Real Texas Barbecue
After seven years of experimenting in Texas, my husband became our home pitmaster. He rules a large Weber kettle and would prefer to use all mesquite wood. For expediency, though, he often uses a mixture of wood and charcoal briquettes. Don't worry if the meat looks black on the outside. It will be delicious.
Makes 10 to 12 servings
10- to 12-pound boneless whole beef brisket, untrimmed*
Salt and pepper
2 to 3 tablespoons Worcestershire sauce
5 cloves garlic, thinly sliced
Salt and pepper the whole brisket and rub with Worcestershire sauce. Turn fat side up, make cuts all over the top with a sharp knife and insert slivers of garlic.
Soak four handfuls of mesquite (pecan or hickory are fine) wood chunks or chips.
Place 30 charcoal briquettes on each side of the grill and light.
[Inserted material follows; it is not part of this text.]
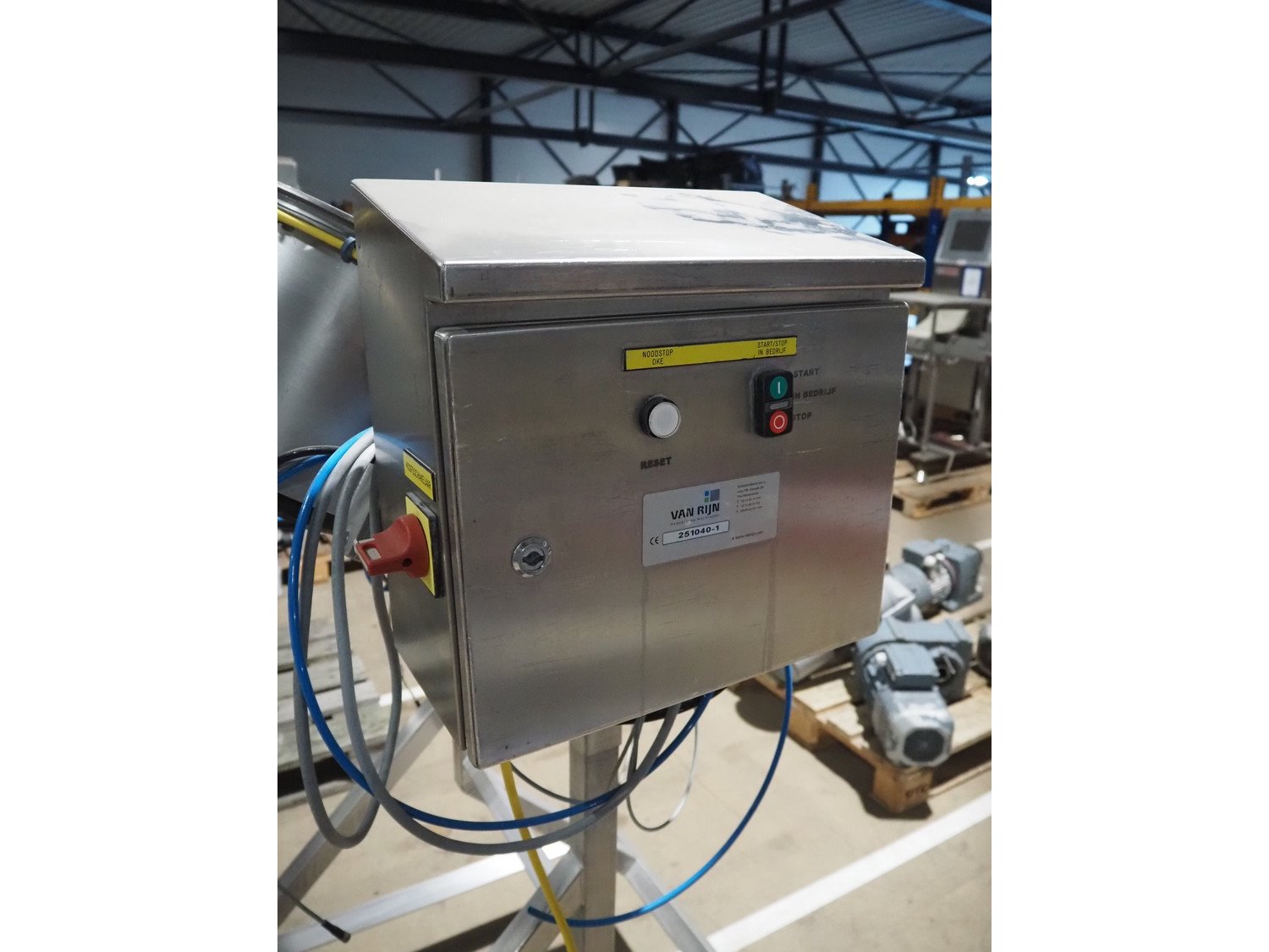 Van Rijn mobile egg shell cutter, number: 251040-1, dimensions: 950 mm x 600 mm x 1480 mm. Kavel locatie: Amfoor 6, 4421 SE Kapelle, Nederland

When the coals are white-hot, lay a handful of soaked wood chips on each side and place the meat, fat side up, in the middle of the rack above the fire. No flame should touch the meat. The coals should remain on the sides of the grill only. Cover the grill.
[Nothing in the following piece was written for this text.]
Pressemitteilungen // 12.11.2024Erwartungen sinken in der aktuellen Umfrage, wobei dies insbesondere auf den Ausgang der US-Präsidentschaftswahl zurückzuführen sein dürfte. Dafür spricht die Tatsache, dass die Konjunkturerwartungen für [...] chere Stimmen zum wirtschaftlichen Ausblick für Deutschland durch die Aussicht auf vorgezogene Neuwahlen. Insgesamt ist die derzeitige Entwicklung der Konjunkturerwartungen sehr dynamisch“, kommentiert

After an hour, add 7 briquettes per side. An hour later, add 5 more to each side. Add a handful of soaked wood each time you add briquettes.
Leave another 4 hours to slow-cook.
Remove the meat from the grill, trim the fat completely and cut against the grain with a sharp knife.
*You may have to order this from a butcher since most briskets are trimmed of fat. A trimmed brisket will be tough and overcooked. You need the fat. It's also important to use a whole brisket. Two smaller ones will cook too fast.